Prompt: Give again, exactly as written, the lines of the records below from the line with "Piano Forte |" to the line with "Izjemno lahek in". Both end lines count; pictures do not.

*** Opening of Data ***

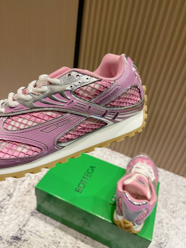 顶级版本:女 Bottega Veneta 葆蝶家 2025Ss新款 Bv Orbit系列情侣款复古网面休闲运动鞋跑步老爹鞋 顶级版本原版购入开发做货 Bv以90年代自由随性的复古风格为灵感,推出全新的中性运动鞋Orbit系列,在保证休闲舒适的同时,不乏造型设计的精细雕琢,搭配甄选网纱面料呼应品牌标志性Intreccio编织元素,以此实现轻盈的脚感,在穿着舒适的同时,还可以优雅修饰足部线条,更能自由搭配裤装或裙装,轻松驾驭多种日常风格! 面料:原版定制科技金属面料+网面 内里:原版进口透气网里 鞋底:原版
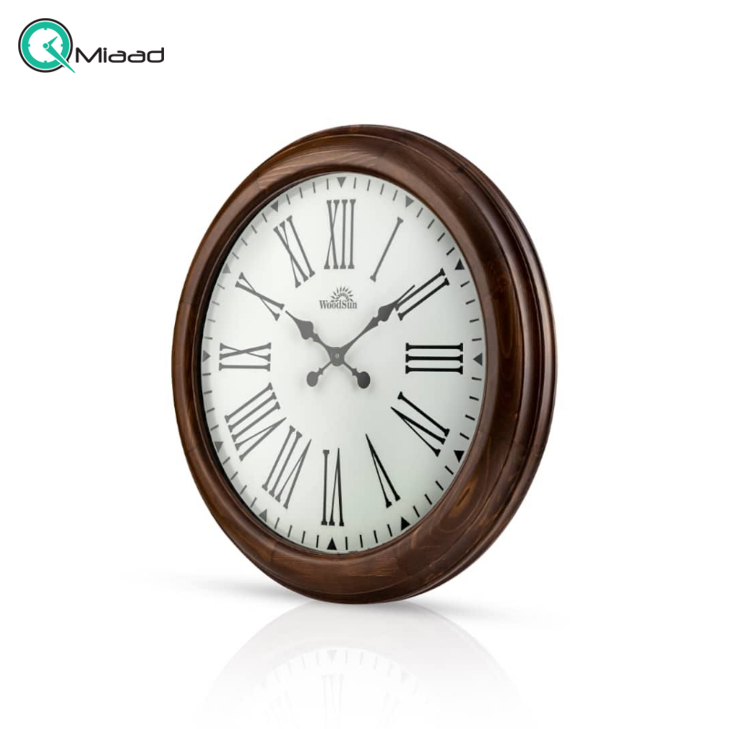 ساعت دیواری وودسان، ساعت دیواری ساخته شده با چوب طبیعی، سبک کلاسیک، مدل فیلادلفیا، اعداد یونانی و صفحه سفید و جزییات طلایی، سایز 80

*** Close of Data ***
*** Opening of Data ***

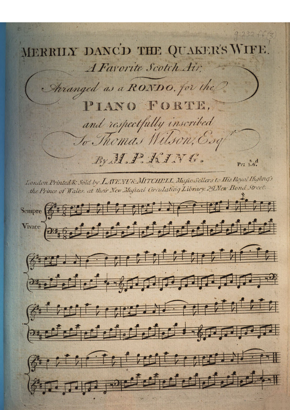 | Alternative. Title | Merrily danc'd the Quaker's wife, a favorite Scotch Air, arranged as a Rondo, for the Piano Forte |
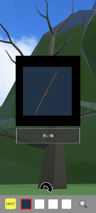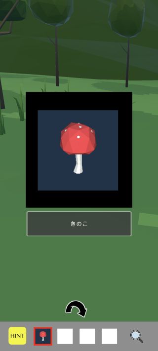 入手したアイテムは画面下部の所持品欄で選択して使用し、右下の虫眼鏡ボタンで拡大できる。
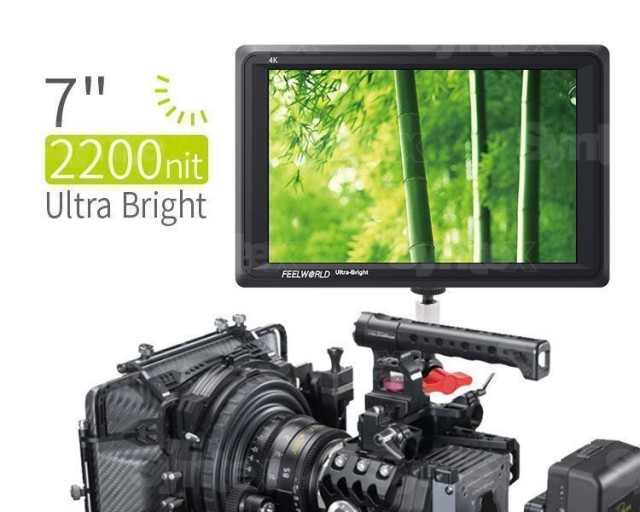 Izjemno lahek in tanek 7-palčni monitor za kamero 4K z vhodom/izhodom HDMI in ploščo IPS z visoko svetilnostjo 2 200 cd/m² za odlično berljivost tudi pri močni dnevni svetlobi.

*** Close of Data ***

Answer area:
 | Alternative. Title | Merrily danc'd the Quaker's wife, a favorite Scotch Air, arranged as a Rondo, for the Piano Forte |
 入手したアイテムは画面下部の所持品欄で選択して使用し、右下の虫眼鏡ボタンで拡大できる。
 Izjemno lahek in tanek 7-palčni monitor za kamero 4K z vhodom/izhodom HDMI in ploščo IPS z visoko svetilnostjo 2 200 cd/m² za odlično berljivost tudi pri močni dnevni svetlobi.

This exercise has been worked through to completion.